» **WORK TO COMPLETE**
Work out how many lines of the material below mention the word "artículo"; reply with the number only.
=-=-=-=-=
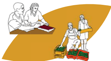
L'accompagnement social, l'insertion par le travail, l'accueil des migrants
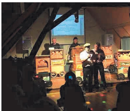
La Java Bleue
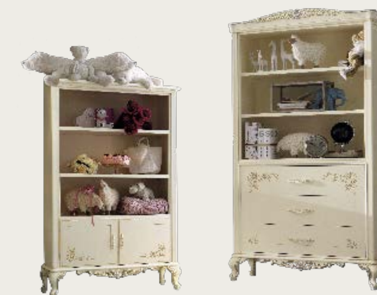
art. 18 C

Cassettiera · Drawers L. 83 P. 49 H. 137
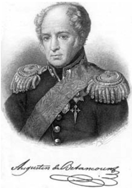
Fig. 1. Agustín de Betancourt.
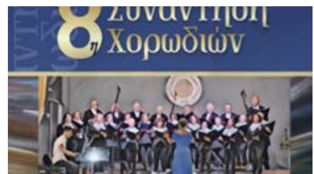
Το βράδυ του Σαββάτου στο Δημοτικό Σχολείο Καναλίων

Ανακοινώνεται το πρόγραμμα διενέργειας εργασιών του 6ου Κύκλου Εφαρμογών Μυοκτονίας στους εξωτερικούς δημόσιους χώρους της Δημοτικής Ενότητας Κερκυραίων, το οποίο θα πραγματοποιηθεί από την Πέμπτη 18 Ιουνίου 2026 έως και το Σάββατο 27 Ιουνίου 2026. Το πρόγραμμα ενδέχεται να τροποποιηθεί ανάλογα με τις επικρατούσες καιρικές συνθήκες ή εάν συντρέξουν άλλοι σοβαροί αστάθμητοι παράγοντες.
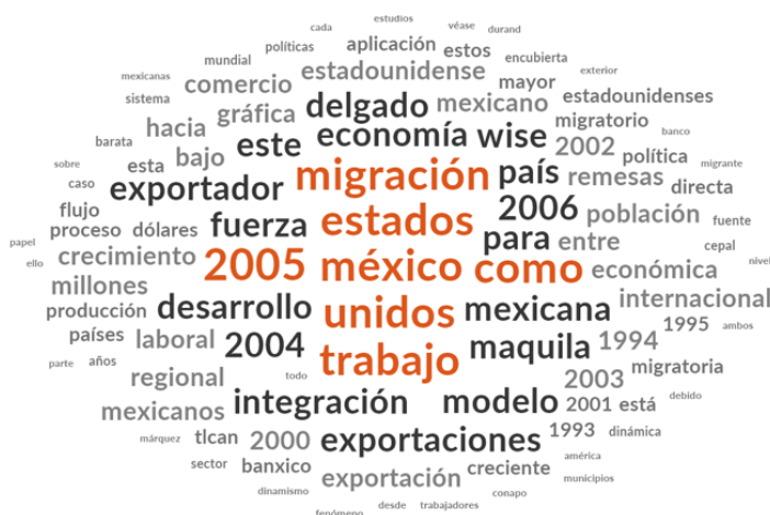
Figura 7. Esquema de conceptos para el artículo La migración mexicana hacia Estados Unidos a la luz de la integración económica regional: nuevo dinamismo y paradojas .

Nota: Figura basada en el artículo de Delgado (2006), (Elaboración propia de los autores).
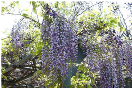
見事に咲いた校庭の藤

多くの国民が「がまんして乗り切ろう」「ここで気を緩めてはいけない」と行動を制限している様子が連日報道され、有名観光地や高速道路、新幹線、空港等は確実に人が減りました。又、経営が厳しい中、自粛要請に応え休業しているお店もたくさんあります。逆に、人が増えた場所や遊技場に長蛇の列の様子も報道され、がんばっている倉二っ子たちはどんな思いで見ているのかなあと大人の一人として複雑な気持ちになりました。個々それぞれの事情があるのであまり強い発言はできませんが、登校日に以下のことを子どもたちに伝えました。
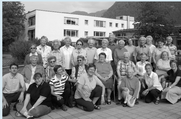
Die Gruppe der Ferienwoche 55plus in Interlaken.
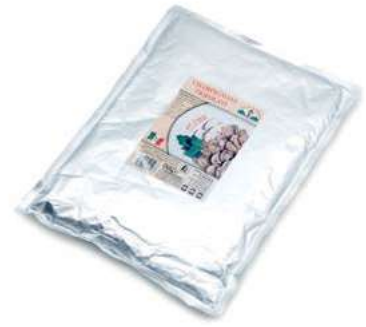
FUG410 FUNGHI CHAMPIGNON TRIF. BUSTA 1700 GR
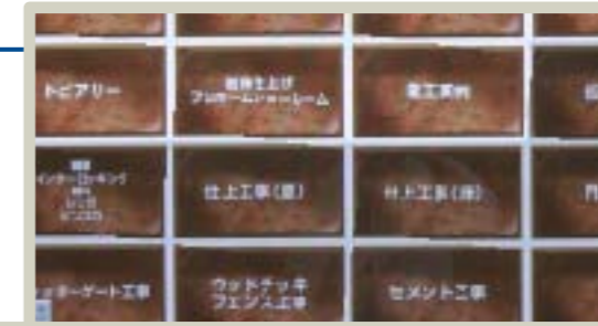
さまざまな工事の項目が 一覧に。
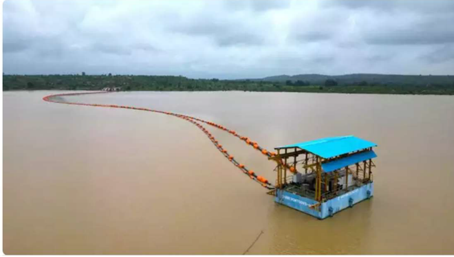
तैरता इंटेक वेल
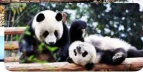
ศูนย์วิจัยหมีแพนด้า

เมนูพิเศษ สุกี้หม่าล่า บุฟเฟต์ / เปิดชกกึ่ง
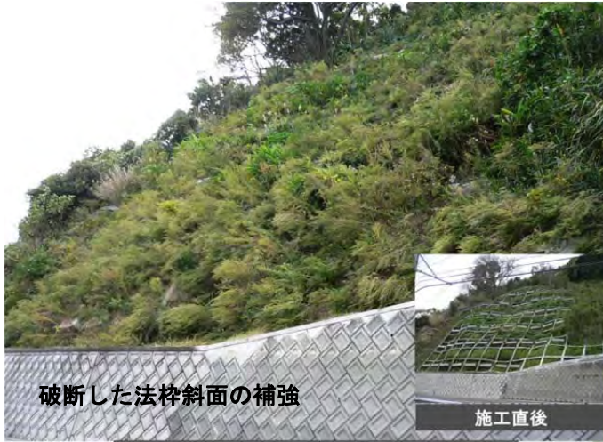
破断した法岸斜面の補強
=-=-=-=-=
» **WRITTEN REPLY**
2